With that, the Holy Father turned his attention to the readings of the Mass, saying they provide ideas that should be translated into concrete attitudes and actions during Lent.
The call transmitted by the Prophet Joel in the first reading -- "Thus says the Lord, return to me with all your heart, with fasting, with weeping, and with mourning" -- is possible, the Pontiff said, "because there is a force that does not reside in our hearts, but that emanates from the heart of God. It is the power of his mercy."
"But this return to God becomes a reality in our lives only when the grace of God penetrates to our inmost being and shakes it," he continued, "giving us the power to 'rend our hearts.'"
The Pope lamented those who "rend their garments" before the injustices committed by others but fail to work on their own hearts and intentions, "letting the Lord transform, renew and convert."
He went on to reflect about the community dimension of Christian life. "The 'we' of the Church is the community in which Jesus brings us together," he said. "Faith is necessarily ecclesial. And this is important to remember and to live in this time of Lent: each person is aware that he or she does not face the penitential journey alone, but together with many brothers and sisters in the Church."
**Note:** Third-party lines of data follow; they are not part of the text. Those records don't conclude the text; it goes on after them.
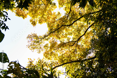 Obraz premium 木漏れ日に輝く色づいた木々の葉
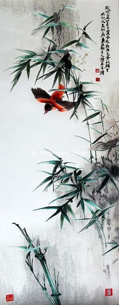 This exquisite silk embroidery captures a moment of sublime elegance in nature, presenting a resplendent red and black bird in mid-flight, gracefully navigating amidst vibrant green bamboo plants. The overall composition radiates tranquility, seamlessly fusing traditional Asian artistry with the graceful fluidity of the natural world.
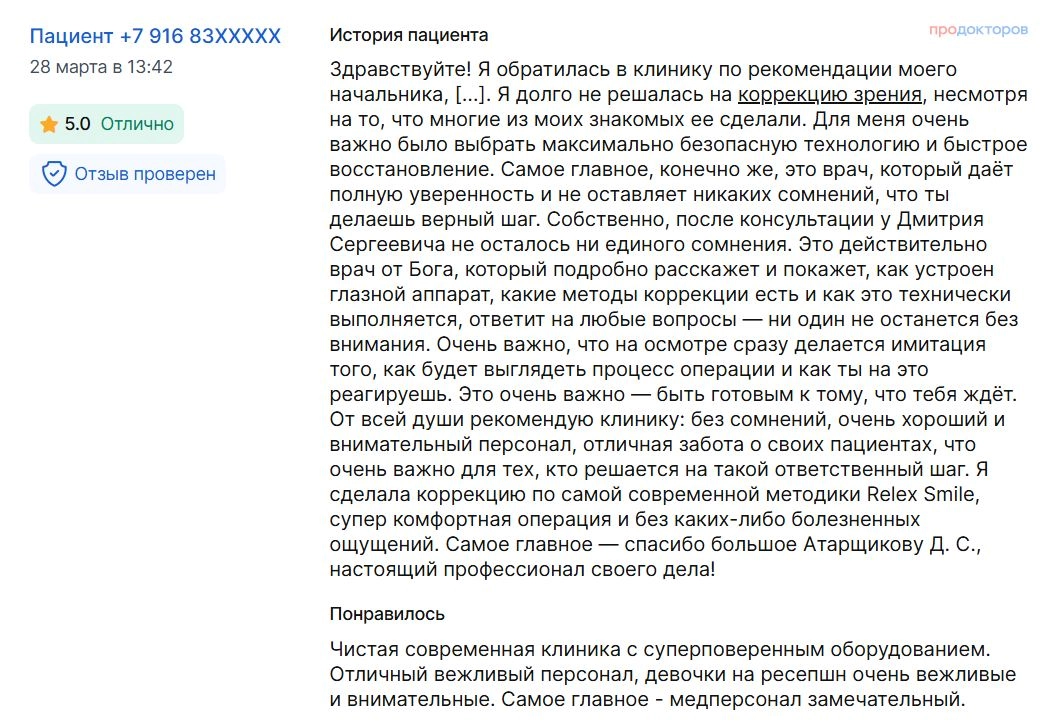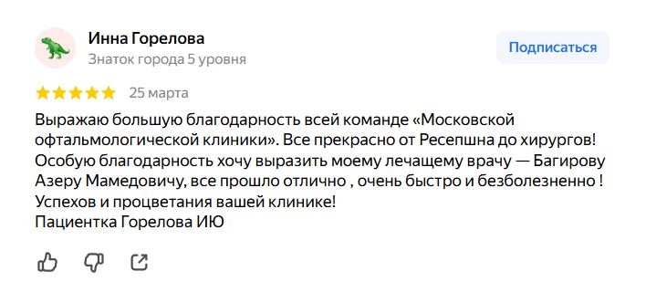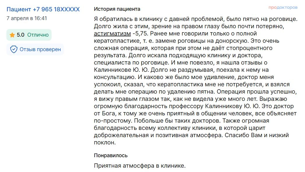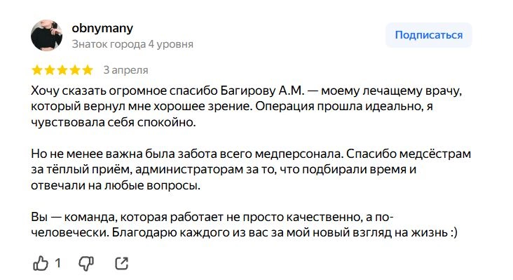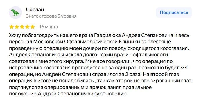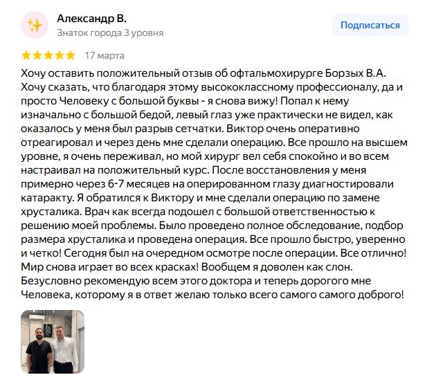 Записались на диагностику, по результатам которой узнали, что врач Борзых Виктор Анатольевич возьмется за операцию. Оперировали в два этапа: сначала глаз, который видел, через несколько дней тот, который совсем ослеп. Уже на следующий день после операции оба глаза видели на 100%!

Drawing further from the first reading, the Pope spoke of the hindrance to Christian witness caused by a lack of unity. "Living Lent in a more intense and evident ecclesial communion, overcoming individualism and rivalry, is a humble and precious sign for those who are far from the faith or indifferent," he suggested.
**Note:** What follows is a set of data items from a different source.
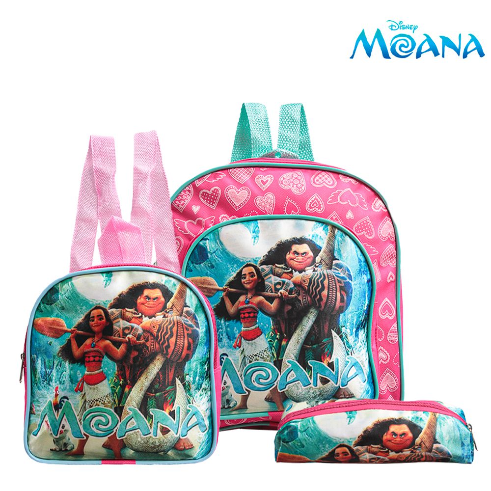 Kit Mochila Escolar Infantil Pequena da Moana De Costas, acompanha lancheira e estojo. Possui alça de mão reforçada. Agora você pode levar sua mochila no seu dia a dia ou acompanhar você na escola. Sua abertura maior se dá por zíper com puxador. Na parte de dentro possui espaço para a guardar diversos materiais como cadernos, livros e estojos. Na parte da frente, possui bolso com zíper para a guardar pertences de menor tamanho.
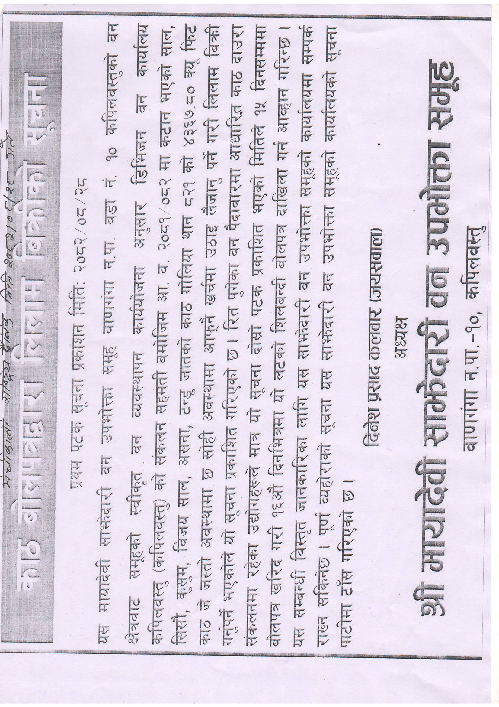 श्री मायादेवी साझेदारी वन उपभोक्ता समूह वाणगंगा न.पा.-१०, कपिलवस्तुको काठ लिलाम बिक्रीको सूचना
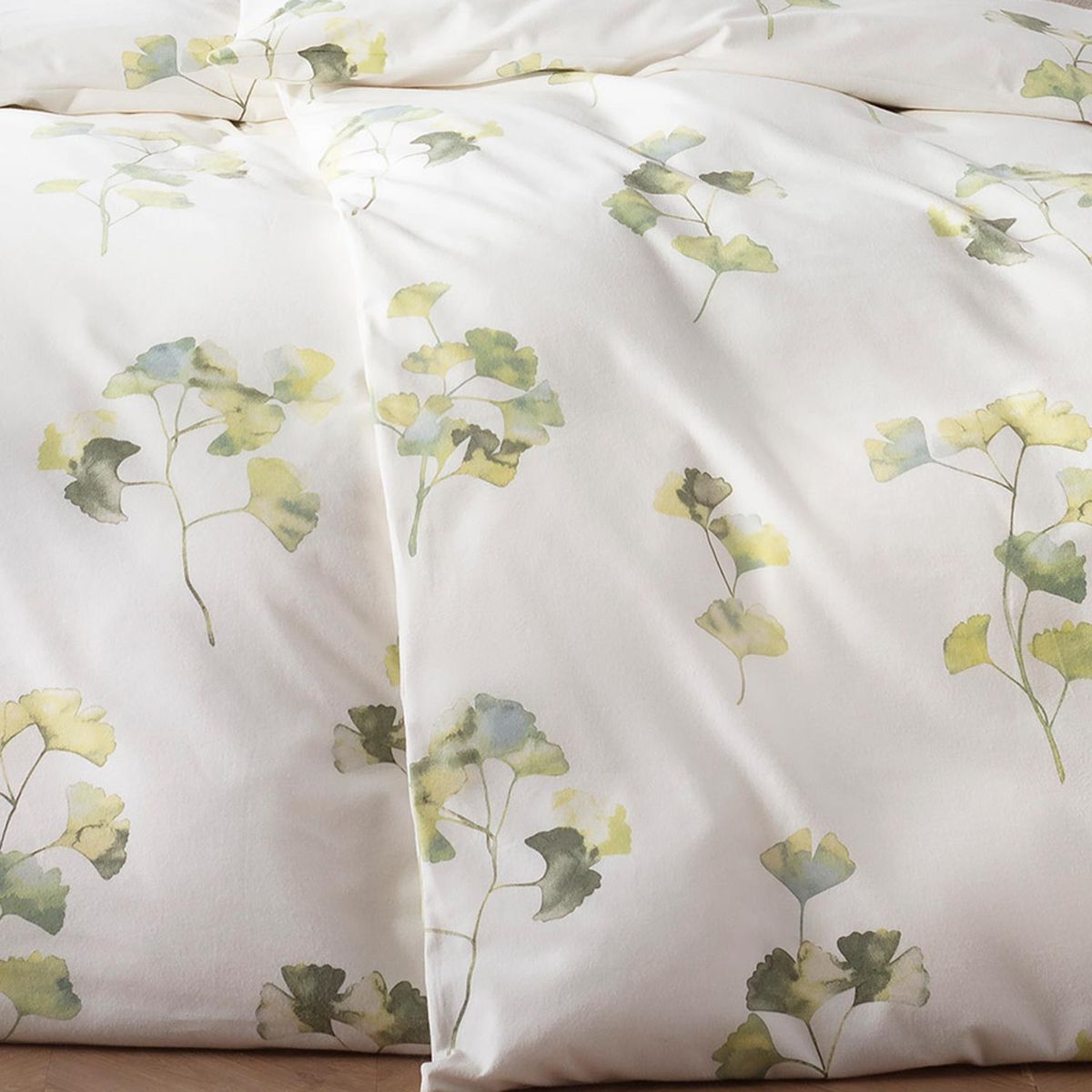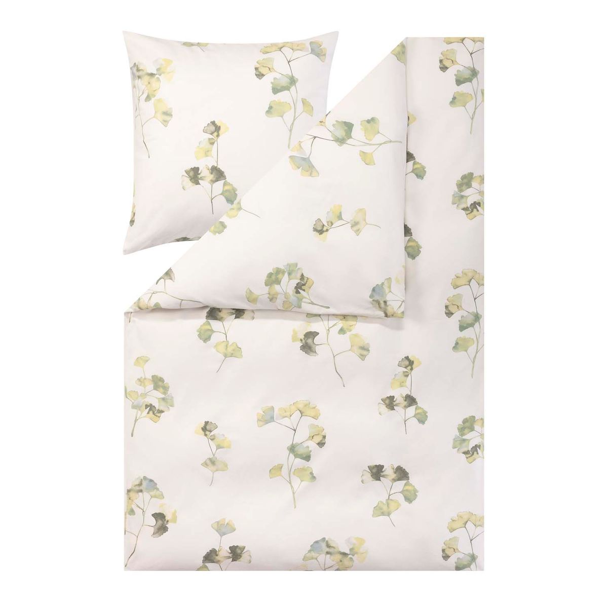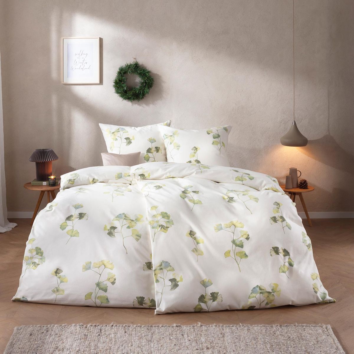 Winterbettwäsche Estella Velturno grün mit Gingkoblätter auf Edelflanell. Schlichtes Dessin mit zarten Blättern. Kuschelweiche, warme Flanellbettwäsche aus 100 % Baumwolle, mit Reißverschluss.

Echoing St. Paul's exhortations, Benedict spoke of the importance of avoiding omission and inaction. "The word 'now' repeated several times [in the Letter to the Corinthians] says that we cannot let this time pass us by, it is offered to us as a unique opportunity," he said.
"The reconciliation offered to us has cost a high price, that of the cross raised on Golgotha, on which was hung the Son of God made man. In this immersion of God in human suffering and in the abyss of evil lies the root of our justification," the Pope continued. "The 'return to God with all your heart' in our Lenten journey passes through the cross, following Christ on the road to Calvary, the total gift of self." Lent is also, he added, a time to be "characterized by a more careful and assiduous listening to the Word of God, the light that illuminates our steps."
Turning then to the Gospel, the Pope spoke of the threefold Lenten itinerary: almsgiving, prayer and fasting.
"Jesus," he said, "emphasizes that it is both the quality and the truth of the relationship with God that determines the authenticity of each religious gesture. For this reason He denounces religious hypocrisy, the behavior that wants to be seen, attitudes seeking applause and approval. The true disciple does not serve himself or the 'public,' but his Lord, in simplicity and generosity."
The Pontiff said that Christian witness will always be more effective, "the less we seek our own glory, and we will know that the reward of the righteous is God himself, being united to Him, here below, on the journey of faith, and, at the end of life, in the peace and light of coming face to face with Him forever."